▶ **What is being asked**: A verbatim printing of the entries that follow is needed; pictures must not appear in it.

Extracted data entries

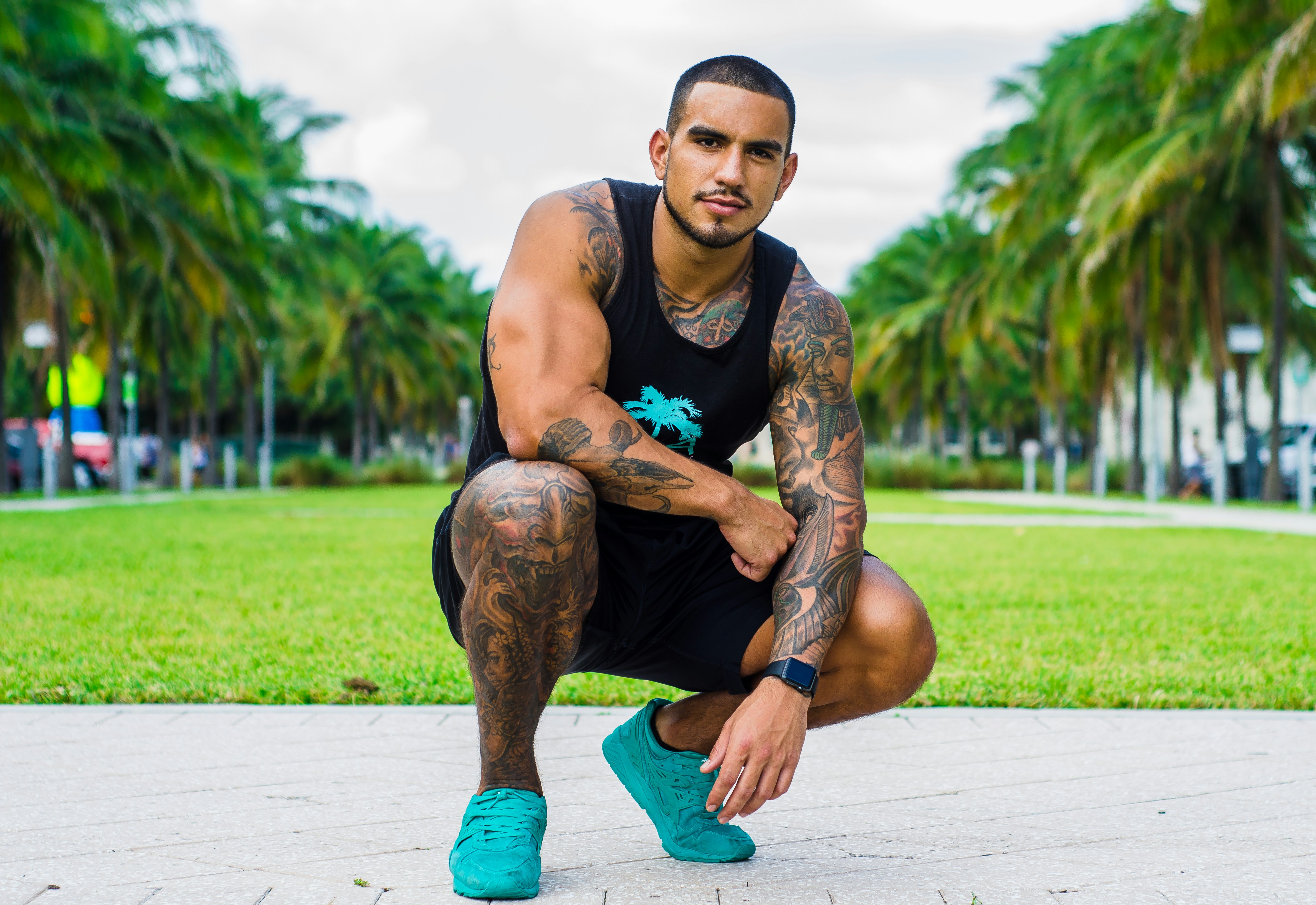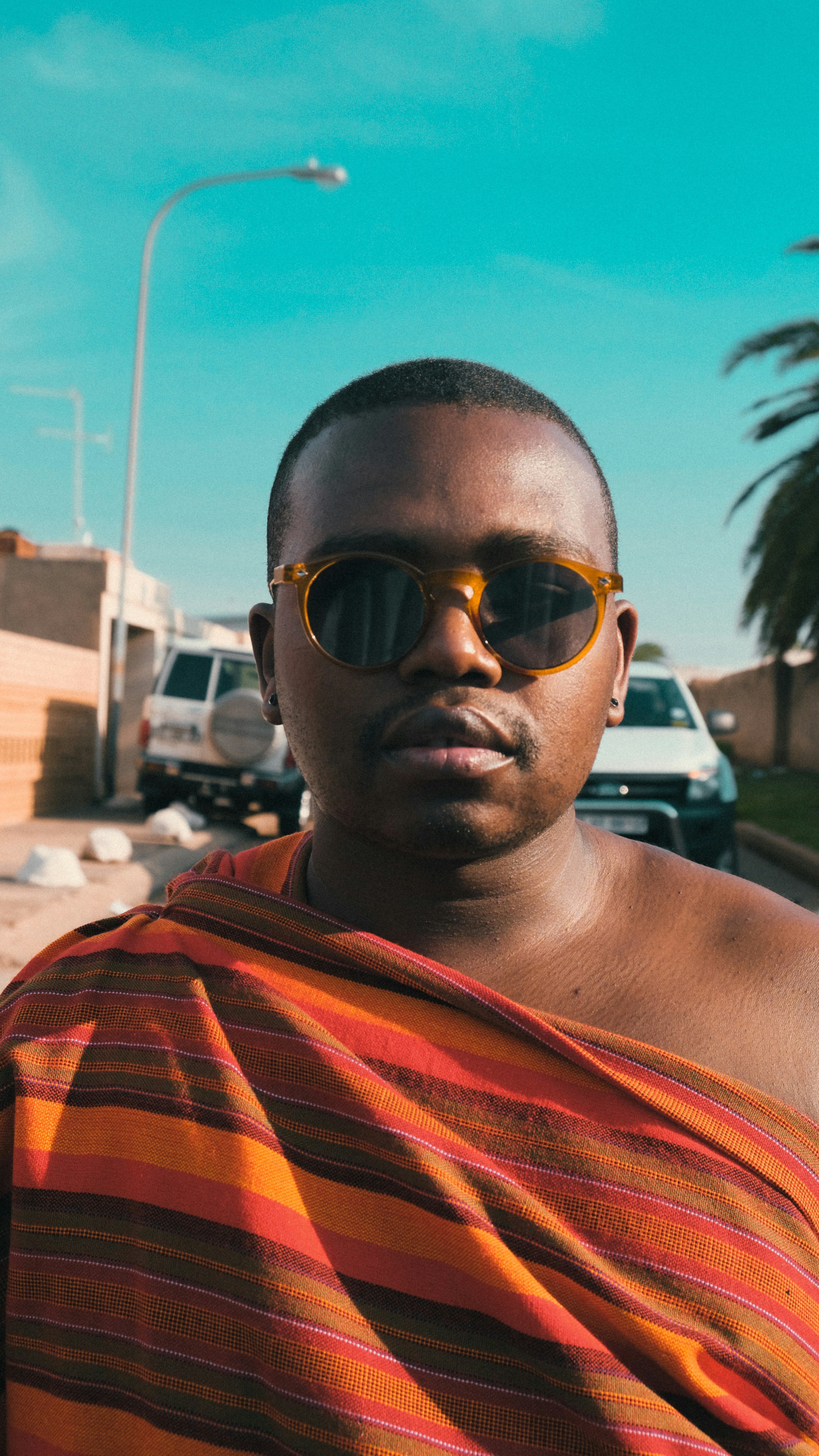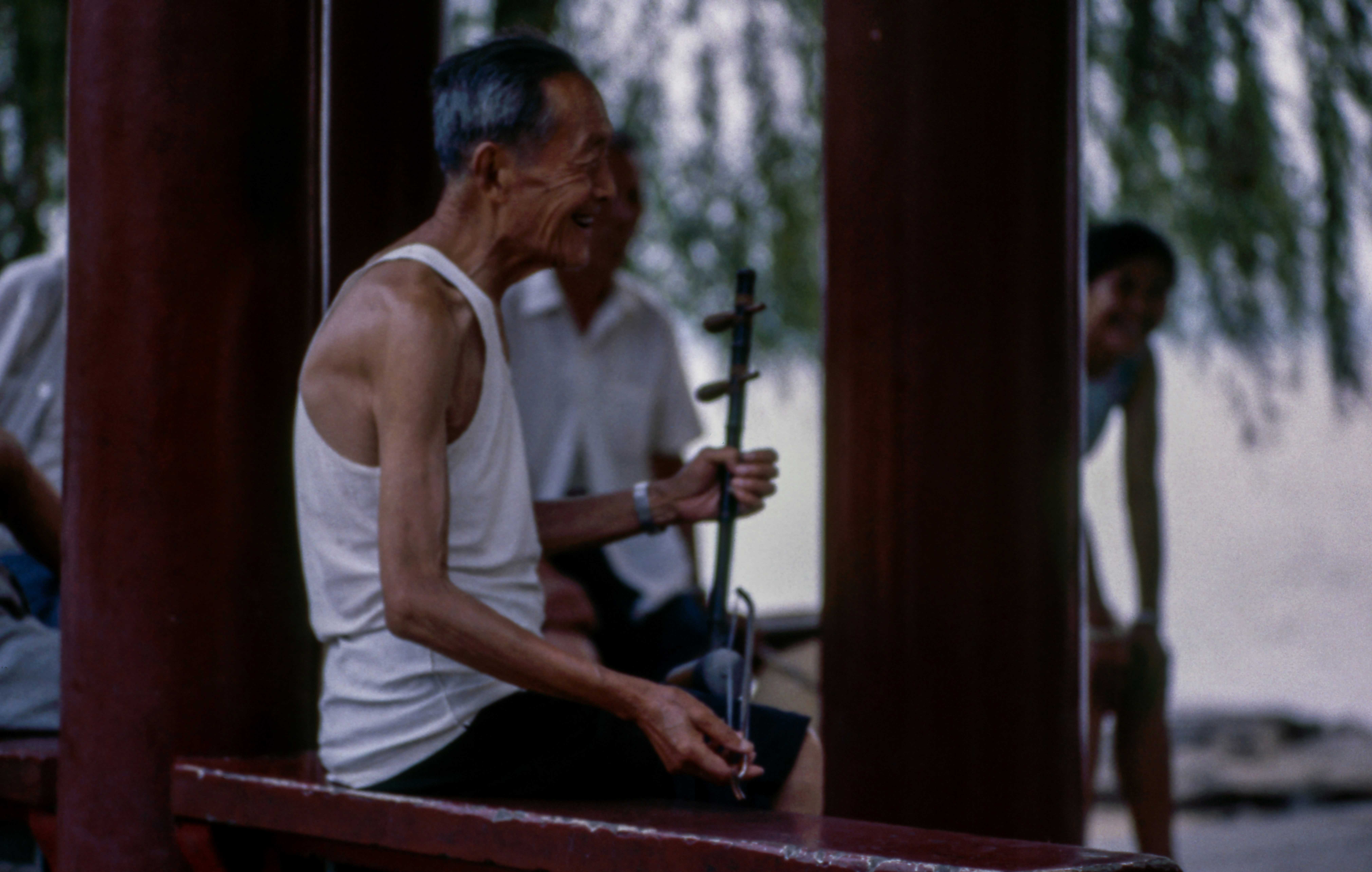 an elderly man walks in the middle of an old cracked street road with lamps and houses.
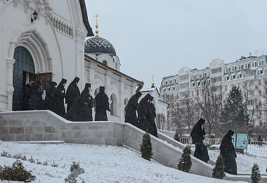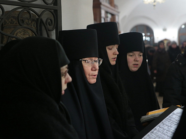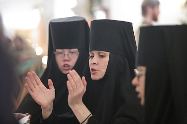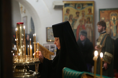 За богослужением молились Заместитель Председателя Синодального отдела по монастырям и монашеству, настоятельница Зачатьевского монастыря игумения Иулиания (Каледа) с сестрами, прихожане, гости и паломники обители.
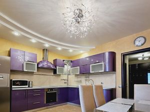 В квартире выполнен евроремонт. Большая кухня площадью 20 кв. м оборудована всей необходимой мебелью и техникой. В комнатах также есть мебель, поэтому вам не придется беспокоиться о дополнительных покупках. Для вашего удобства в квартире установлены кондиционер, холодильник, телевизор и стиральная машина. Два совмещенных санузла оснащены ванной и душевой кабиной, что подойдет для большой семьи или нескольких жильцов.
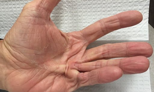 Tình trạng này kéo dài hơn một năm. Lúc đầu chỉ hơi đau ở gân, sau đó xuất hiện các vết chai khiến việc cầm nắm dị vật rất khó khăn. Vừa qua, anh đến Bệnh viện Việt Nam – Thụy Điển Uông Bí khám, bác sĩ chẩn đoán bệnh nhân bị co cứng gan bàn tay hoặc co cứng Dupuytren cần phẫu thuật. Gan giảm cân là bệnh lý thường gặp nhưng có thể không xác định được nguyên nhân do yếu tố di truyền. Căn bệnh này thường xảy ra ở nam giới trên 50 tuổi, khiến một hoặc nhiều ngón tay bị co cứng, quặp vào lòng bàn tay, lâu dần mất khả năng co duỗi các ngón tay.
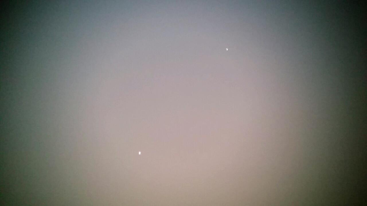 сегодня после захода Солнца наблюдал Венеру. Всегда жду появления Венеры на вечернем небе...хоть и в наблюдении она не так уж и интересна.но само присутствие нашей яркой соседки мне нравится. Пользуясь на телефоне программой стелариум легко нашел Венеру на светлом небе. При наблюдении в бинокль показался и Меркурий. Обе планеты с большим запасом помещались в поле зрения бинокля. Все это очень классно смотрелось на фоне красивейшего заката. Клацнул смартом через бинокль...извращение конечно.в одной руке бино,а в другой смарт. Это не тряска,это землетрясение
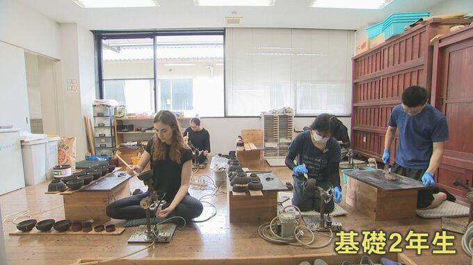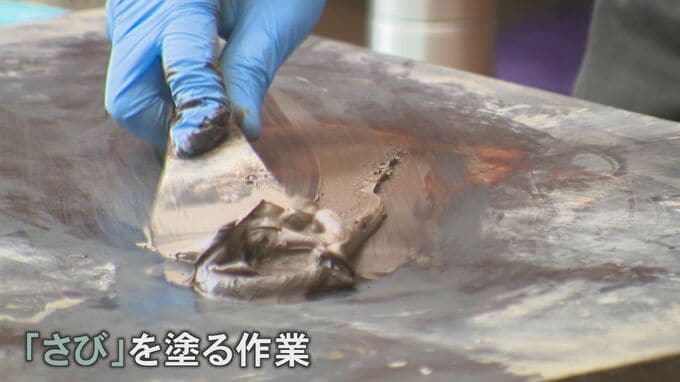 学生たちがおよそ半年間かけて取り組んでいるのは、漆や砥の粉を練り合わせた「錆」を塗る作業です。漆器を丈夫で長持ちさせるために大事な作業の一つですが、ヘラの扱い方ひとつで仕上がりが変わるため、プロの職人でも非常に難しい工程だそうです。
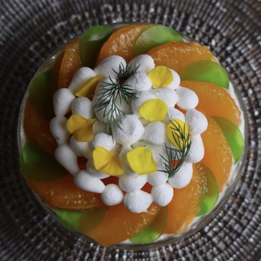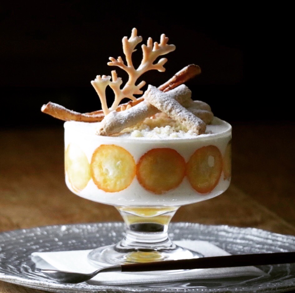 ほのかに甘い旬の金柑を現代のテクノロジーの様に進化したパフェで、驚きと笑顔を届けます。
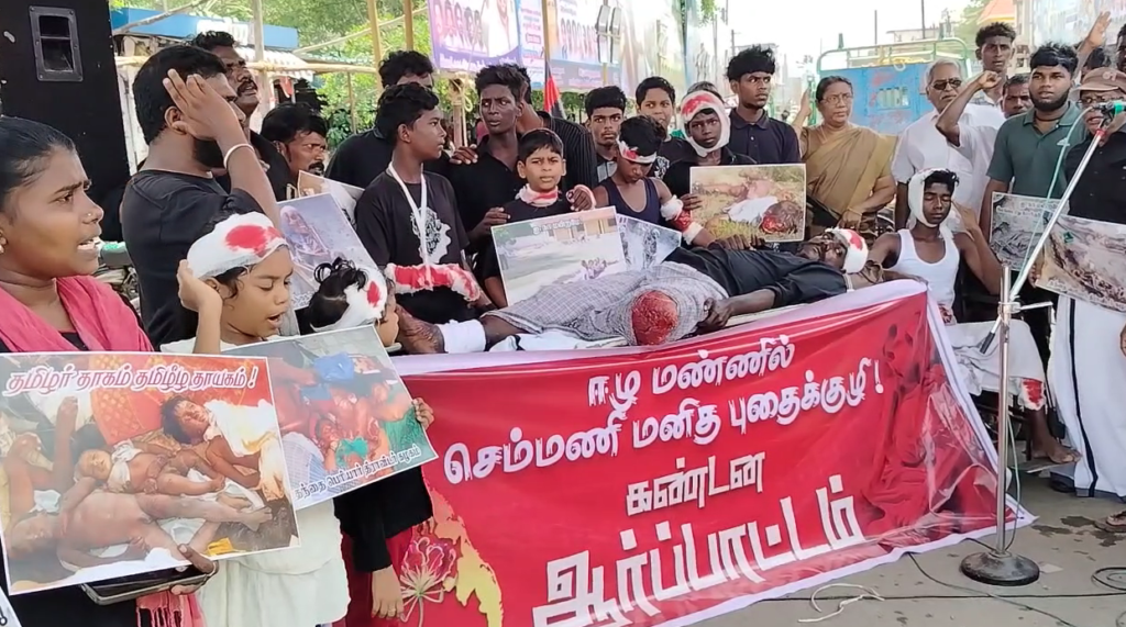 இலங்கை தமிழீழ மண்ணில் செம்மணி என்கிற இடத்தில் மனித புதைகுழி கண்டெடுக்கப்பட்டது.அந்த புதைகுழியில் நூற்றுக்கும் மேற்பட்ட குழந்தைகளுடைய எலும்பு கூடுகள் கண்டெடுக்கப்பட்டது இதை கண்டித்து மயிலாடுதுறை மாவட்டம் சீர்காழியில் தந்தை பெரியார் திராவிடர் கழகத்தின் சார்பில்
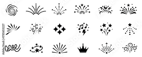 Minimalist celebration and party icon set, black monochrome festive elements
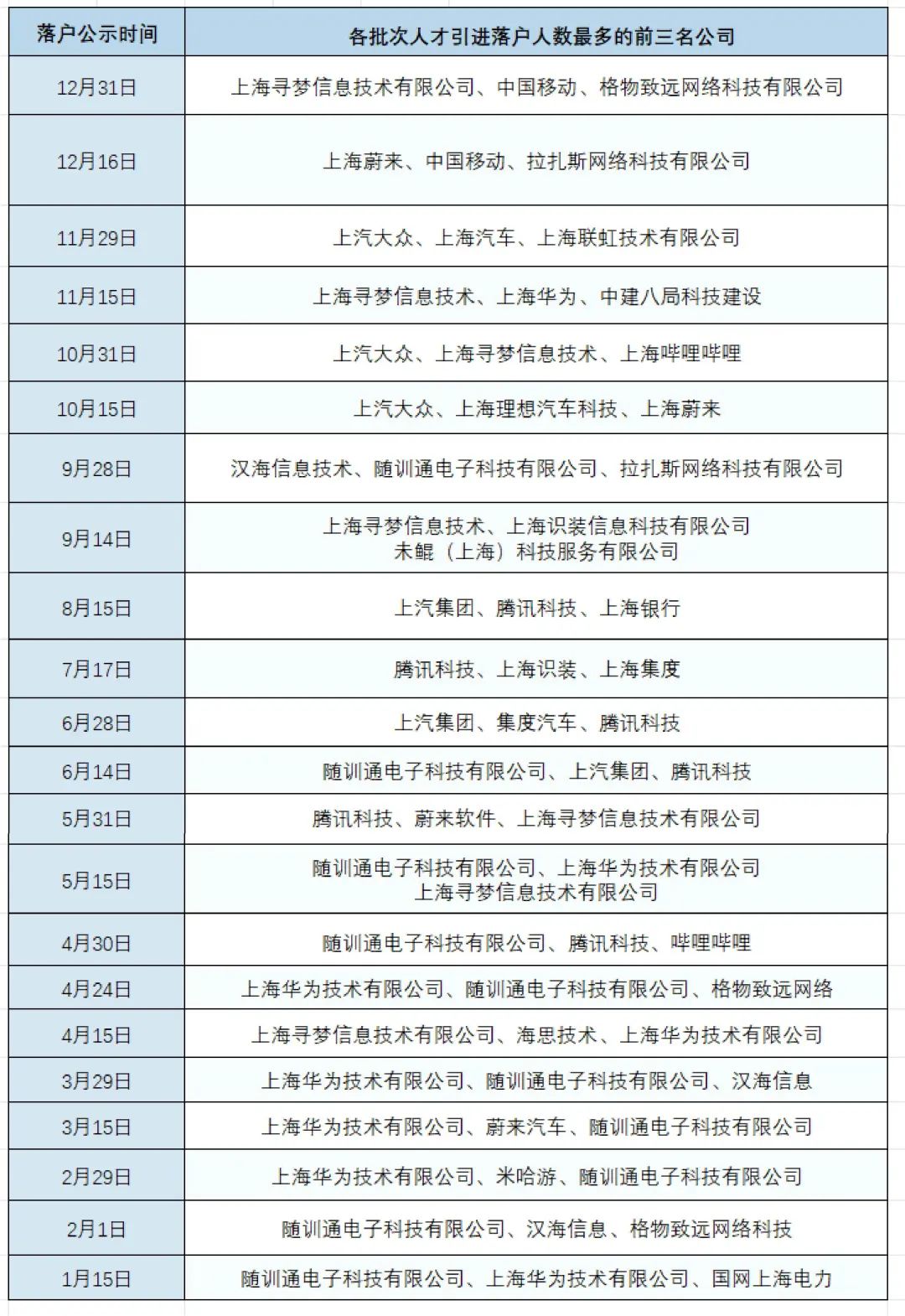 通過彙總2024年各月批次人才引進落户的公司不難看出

▶ **Solution**:
 an elderly man walks in the middle of an old cracked street road with lamps and houses.
 За богослужением молились Заместитель Председателя Синодального отдела по монастырям и монашеству, настоятельница Зачатьевского монастыря игумения Иулиания (Каледа) с сестрами, прихожане, гости и паломники обители.
 В квартире выполнен евроремонт. Большая кухня площадью 20 кв. м оборудована всей необходимой мебелью и техникой. В комнатах также есть мебель, поэтому вам не придется беспокоиться о дополнительных покупках. Для вашего удобства в квартире установлены кондиционер, холодильник, телевизор и стиральная машина. Два совмещенных санузла оснащены ванной и душевой кабиной, что подойдет для большой семьи или нескольких жильцов.
 Tình trạng này kéo dài hơn một năm. Lúc đầu chỉ hơi đau ở gân, sau đó xuất hiện các vết chai khiến việc cầm nắm dị vật rất khó khăn. Vừa qua, anh đến Bệnh viện Việt Nam – Thụy Điển Uông Bí khám, bác sĩ chẩn đoán bệnh nhân bị co cứng gan bàn tay hoặc co cứng Dupuytren cần phẫu thuật. Gan giảm cân là bệnh lý thường gặp nhưng có thể không xác định được nguyên nhân do yếu tố di truyền. Căn bệnh này thường xảy ra ở nam giới trên 50 tuổi, khiến một hoặc nhiều ngón tay bị co cứng, quặp vào lòng bàn tay, lâu dần mất khả năng co duỗi các ngón tay.
 сегодня после захода Солнца наблюдал Венеру. Всегда жду появления Венеры на вечернем небе...хоть и в наблюдении она не так уж и интересна.но само присутствие нашей яркой соседки мне нравится. Пользуясь на телефоне программой стелариум легко нашел Венеру на светлом небе. При наблюдении в бинокль показался и Меркурий. Обе планеты с большим запасом помещались в поле зрения бинокля. Все это очень классно смотрелось на фоне красивейшего заката. Клацнул смартом через бинокль...извращение конечно.в одной руке бино,а в другой смарт. Это не тряска,это землетрясение
 学生たちがおよそ半年間かけて取り組んでいるのは、漆や砥の粉を練り合わせた「錆」を塗る作業です。漆器を丈夫で長持ちさせるために大事な作業の一つですが、ヘラの扱い方ひとつで仕上がりが変わるため、プロの職人でも非常に難しい工程だそうです。
 ほのかに甘い旬の金柑を現代のテクノロジーの様に進化したパフェで、驚きと笑顔を届けます。
 இலங்கை தமிழீழ மண்ணில் செம்மணி என்கிற இடத்தில் மனித புதைகுழி கண்டெடுக்கப்பட்டது.அந்த புதைகுழியில் நூற்றுக்கும் மேற்பட்ட குழந்தைகளுடைய எலும்பு கூடுகள் கண்டெடுக்கப்பட்டது இதை கண்டித்து மயிலாடுதுறை மாவட்டம் சீர்காழியில் தந்தை பெரியார் திராவிடர் கழகத்தின் சார்பில்
 Minimalist celebration and party icon set, black monochrome festive elements
 通過彙總2024年各月批次人才引進落户的公司不難看出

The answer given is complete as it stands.